No matter what the circumstances surrounding a divorce, there are bound to be an enormous range of emotions. Fear, rage, sadness, guilt, or even elation and liberation are all normal, and likely to shift over time, if not in a few hours from now.
At times, it can be really difficult to process these feelings with friends and family, especially if they have never experienced divorce. It may feel as if they are taking sides, or can’t be objective. They probably never really knew the full extent to which your marriage was in trouble in the first place. And quite frankly, do you want the people who knew you as a couple to know the business of your marriage? It’s also common to feel somewhat isolated from your community or even stigmatized by your divorce. These feelings can lead to unhealthy coping mechanisms such as isolation or substance abuse.
For women, ending a marriage can come with it’s own set of challenges. Especially if there are children involved, or you have been envisioning children in your future. Alternating holidays and sharing your children with your ex-spouses new girlfriend/ boyfriend may bring up some pretty tough feelings. Women are also more likely to experience financial hardships that are a result of divorce. Naturally, this can serve as a major source of anxiety surrounding your new reality. The good news: women have a natural tendency to lean on other women for support, and that will be one of your greatest assets in these moments.

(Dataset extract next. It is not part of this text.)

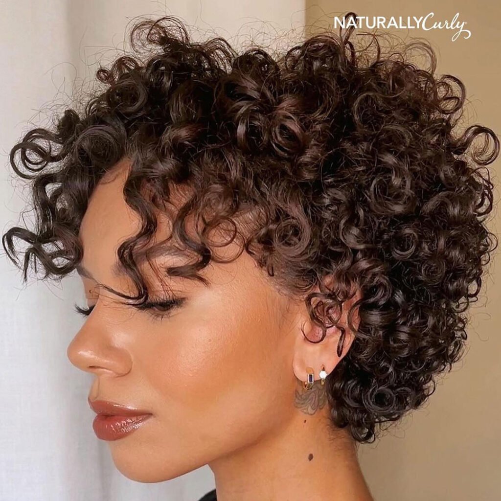 This cut is great if you love lightweight hair with a fashionable edge. It keeps your routine simple while letting your curls take center stage. The curly pixie always adds a little extra charm to any outfit.

For all of these reasons, finding the right divorce support group can be the best thing that you do for yourself as you make this transition. These groups address specific themes that occur for most people in divorce:
- Grief and loss
- Loss of trust/Feeling of betrayal
- Loss of self-esteem
- Feelings of abandonment
- Accepting responsibility for your part in the failure of the marriage
- Rebuilding support networks
- How to move on?
Supportive therapy groups can be extremely useful for helping people unpack their feelings in a safe and supportive environment. Unlike individual therapy, there is a sense of community that can emerge in the group that will serve to remind you, week after week, that you are not alone — and that you do not need to be alone as you navigate your new life. Also, there is the added benefit of learning from others who are in different stages of the divorce process. You get a window into the future- or the flip slide – a reminder of how far you have come. At the very least, your presence in the group is helping others to feel a part of something. Being a support for others, in it’s own way, is actually quite healing.

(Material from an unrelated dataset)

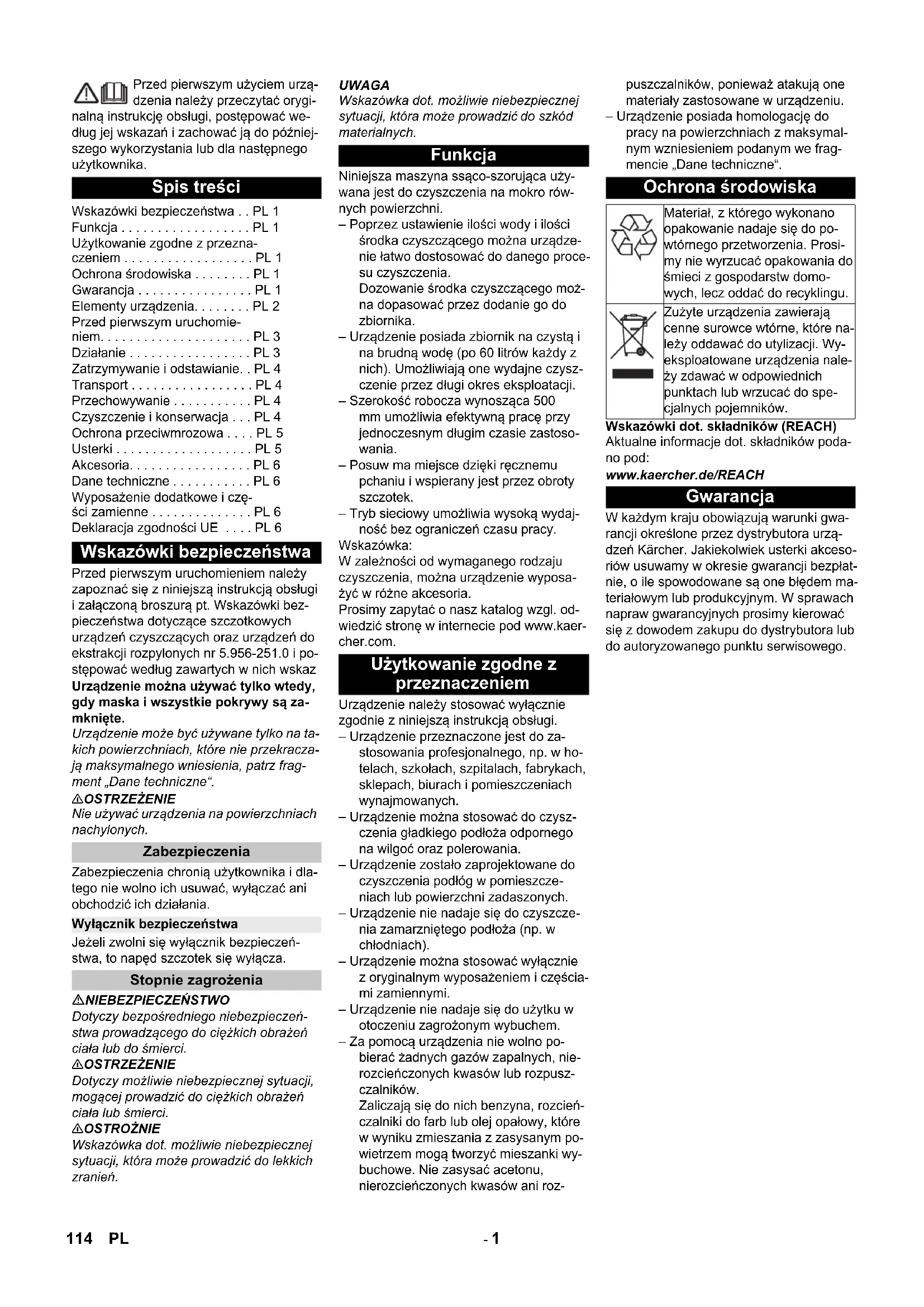 Chairman of the Board of Management Director Regulatory Affairs & Certification 113SL- 1 Przed pierwszym użyciem urzą- dzenia należy przeczytać orygi- nalną instrukcję obsługi, postępować we- dług jej wskazań i zachować ją do później- szego wykorzystania lub dla następnego użytkownika. Przed pierwszym uruchomieniem należy zapoznać się z niniejszą instrukcją obsługi i załączoną broszurą pt. Wskazówki bez- pieczeństwa dotyczące szczotkowych urządzeń czyszczących oraz urządzeń do ekstrakcji rozpylonych nr 5.956-251.0 i po- stępować według zawartych w nich wskaz Urządzenie można używać tylko wtedy, gdy maska i wszystkie pokrywy są za- mknięte. Urządzenie może być używane tylko na ta- kich powierzchniach, które nie przekracza- ją maksymalnego wniesienia, patrz frag- ment „Dane techniczne“. 몇 OSTRZEŻENIE Nie używać urządzenia na powierzchniach nachylonych. Zabezpieczenia chronią użytkownika i dla- tego nie wolno ich usuwać, wyłączać ani obchodzić ich działania. Jeżeli zwolni się wyłącznik bezpieczeń- stwa, to napęd szczotek się wyłącza. NIEBEZPIECZEŃSTWO Dotyczy bezpośredniego niebezpieczeń- stwa prowadzącego do ciężkich obrażeń ciała lub do śmierci. 몇 OSTRZEŻENIE Dotyczy możliwie niebezpiecznej sytuacji, mogącej prowadzić do ciężkich obrażeń ciała lub śmierci. 몇 OSTROŻNIE Wskazówka dot. możliwie niebezpiecznej sytuacji, która może prowadzić do lekkich zranień. UWAGA Wskazówka dot. możliwie niebezpiecznej sytuacji, która może prowadzić do szkód materialnych. Niniejsza maszyna ssąco-szorująca uży- wana jest do czyszczenia na mokro rów- nych powierzchni. – Poprzez ustawienie ilości wody i ilości środka czyszczącego można urządze- nie łatwo dostosować do danego proce- su czyszczenia. Dozowanie środka czyszczącego moż- na dopasować przez dodanie go do zbiornika. – Urządzenie posiada zbiornik na czystą i na brudną wodę (po 60 litrów każdy z nich). Umożliwiają one wydajne czysz- czenie przez długi okres eksploatacji. – Szerokość robocza wynosząca 500 mm umożliwia efektywną pracę przy jednoczesnym długim czasie zastoso- wania. – Posuw ma miejsce dzięki ręcznemu pchaniu i wspierany jest przez obroty szczotek. – Tryb sieciowy umożliwia wysoką wydaj- ność bez ograniczeń czasu pracy. Wskazówka: W zależności od wymaganego rodzaju czyszczenia, można urządzenie wyposa- żyć w różne akcesoria. Prosimy zapytać o nasz katalog wzgl. od- wiedzić stronę w internecie pod www.kaer- cher.com. Urządzenie należy stosować wyłącznie zgodnie z niniejszą instrukcją obsługi. – Urządzenie przeznaczone jest do za- stosowania profesjonalnego, np. w ho- telach, szkołach, szpitalach, fabrykach, sklepach, biurach i pomieszczeniach wynajmowanych. – Urządzenie można stosować do czysz- czenia gładkiego podłoża odpornego na wilgoć oraz polerowania. – Urządzenie zostało zaprojektowane do czyszczenia podłóg w pomieszcze- niach lub powierzchni zadaszonych. – Urządzenie nie nadaje się do czyszcze- nia zamarzniętego podłoża (np. w chłodniach). – Urządzenie można stosować wyłącznie z oryginalnym wyposażeniem i częścia- mi zamiennymi. – Urządzenie nie nadaje się do użytku w otoczeniu zagrożonym wybuchem. – Za pomocą urządzenia nie wolno po- bierać żadnych gazów zapalnych, nie- rozcieńczonych kwasów lub rozpusz- czalników. Zaliczają się do nich benzyna, rozcień- czalniki do farb lub olej opałowy, które w wyniku zmieszania z zasysanym po- wietrzem mogą tworzyć mieszanki wy- buchowe. Nie zasysać acetonu, nierozcieńczonych kwasów ani roz- puszczalników, ponieważ atakują one materiały zastosowane w urządzeniu. – Urządzenie posiada homologację do pracy na powierzchniach z maksymal- nym wzniesieniem podanym we frag- mencie „Dane techniczne“. Wskazówki dot. składników (REACH) Aktualne informacje dot. składników poda- no pod: www.kaercher.de/REACH W każdym kraju obowiązują warunki gwa- rancji określone przez dystrybutora urzą- dzeń Kärcher. Jakiekolwiek usterki akceso- riów usuwamy w okresie gwarancji bezpłat- nie, o ile spowodowane są one błędem ma- teriałowym lub produkcyjnym. W sprawach napraw gwarancyjnych prosimy kierować się z dowodem zakupu do dystrybutora lub do autoryzowanego punktu serwisowego. Spis treści Wskazówki bezpieczeństwa . . PL 1 Funkcja . . . . . . . . . . . . . . . . . . PL 1 Użytkowanie zgodne z przezna- czeniem . . . . . . . . . . . . . . . . . . PL 1 Ochrona środowiska . . . . . . . . PL 1 Gwarancja . . . . . . . . . . . . . . . . PL 1 Elementy urządzenia. . . . . . . . PL 2 Przed pierwszym uruchomie- niem. . . . . . . . . . . . . . . . . . . . . PL 3 Działanie . . . . . . . . . . . . . . . . . PL 3 Zatrzymywanie i odstawianie. . PL 4 Transport . . . . . . . . . . . . . . . . . PL 4 Przechowywanie . . . . . . . . . . . PL 4 Czyszczenie i konserwacja . . . PL 4 Ochrona przeciwmrozowa . . . . PL 5 Usterki . . . . . . . . . . . . . . . . . . . PL 5 Akcesoria. . . . . . . . . . . . . . . . . PL 6 Dane techniczne . . . . . . . . . . . PL 6 Wyposażenie dodatkowe i czę- ści zamienne . . . . . . . . . . . . . . PL 6 Deklaracja zgodności UE . . . . PL 6 Wskazówki bezpieczeństwa Zabezpieczenia Wyłącznik bezpieczeństwa Stopnie zagrożenia Funkcja Użytkowanie zgodne z przeznaczeniem Ochrona środowiska Materiał, z którego wykonano opakowanie nadaje się do po- wtórnego przetworzenia. Prosi- my nie wyrzucać opakowania do śmieci z gospodarstw domo- wych, lecz oddać do recyklingu. Zużyte urządzenia zawierają cenne surowce wtórne, które na- leży oddawać do utylizacji. Wy- eksploatowane urządzenia nale- ży zdawać w odpowiednich punktach lub wrzucać do spe- cjalnych pojemników. Gwarancja 114 PL- 2 1 Sito 2 Wyłącznik bezpieczeństwa 3 Wąż spustowy brudnej wody z urządze- niem dozującym 4 Szyna unieruchamiająca Homebase 5 Pływak

Whether you are the person who asked for the divorce, or the person who is facing a divorce you didn’t see coming, it’s a major life transition. It’s painful, it’s complicated, and sometimes very messy. You owe it to yourself to make meaning out of this experience. Stay connected with those around you who truly want to support you. Use this opportunity to get back in touch with the woman you were before you were someone’s wife. Meeting new people, independent from your married life is a great way to find your way back to your truest self. Finding a group of women who can relate to what you are experiencing might be the road to get you there.